RESULTS: Nine different GI parasites were recorded of which Entamoeba spp. (20 samples, 80%) were the most common. The presence of Entamoeba spp. was further validated using polymerase chain reaction (PCR) analysis and DNA sequencing. The PCR results were positive for all of the microscopically positive samples, and the species was identified as Entamoeba bovis. Three samples were sequenced and formed a cluster of E. bovis, which was separated from other Entamoeba spp. in phylogenetic analysis.
CONCLUSION: This is the first report for molecular detection of E. bovis from wild water buffaloes in Nepal. Future work should focus on the prevalence of such infections in water buffaloes in forest environments.

INTRODUCTION

Gastrointestinal (GI) parasitic infection is a major problem in livestock and wildlife management, including wild water buffaloes (Bista et al., 2018).
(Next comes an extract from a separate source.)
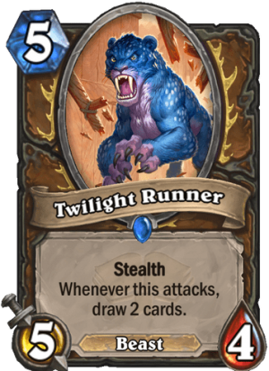 Twilight Runner can be utilized with Guardian Animals spell, which are able to put it on board, allowing players to draw two cards immediately with its Rush mechanic.

GI parasites may induce mild to severe pathological consequences, such as diarrhoea, loss of appetite, weight loss, haemorrhagic colitis, anaemia and infertility, thus contributing to higher morbidity and mortality in the animals (Houszka, 2001; Otranto, 2011). The protozoan Entamoeba spp. are critical zoonotic parasites that infect both animals and humans (Feng et al., 2018; Tachibana et al., 2013, 2007; Win et al., 2020), and are transmitted among hosts through the ingestion of cysts in contaminated food, water or faeces (Matsubayashi et al., 2018). Major pathological illnesses caused by Entamoeba spp. infection are diarrhoea and dysentery, as well as damage to the liver, brain and other organs of the host (Ngui et al., 2012). Several Entamoeba spp. are found in mammals, but the pathogenesis is caused mainly by Entamoeba histolytica. It has been reported that nearly 100,000 people die of amoebiasis worldwide every year (Stensvold et al., 2010). Globally, it is the second most important protozoan parasite that causes fatality after malaria (Delialioglu et al., 2008). Entamoeba bovis and similar species inhabit the rumen of ruminant mammals and are morphologically identical to E. histolytica (Stensvold et al., 2010). E. bovis has been reported from different hosts, including cattle, goat, sheep, deer, reindeer, gnu and bay duiker (Jacob et al., 2016; Matsubayashi et al., 2018; Ren et al., 2021; Stensvold et al., 2011). To date, nine countries (Australia, China, Costa Rica, Iceland, Japan, Libya, Sweden, Uganda and United Kingdom) reported cases of E. bovis (Al‐Habsi et al., 2017; Matsubayashi et al., 2018; Ren et al., 2021).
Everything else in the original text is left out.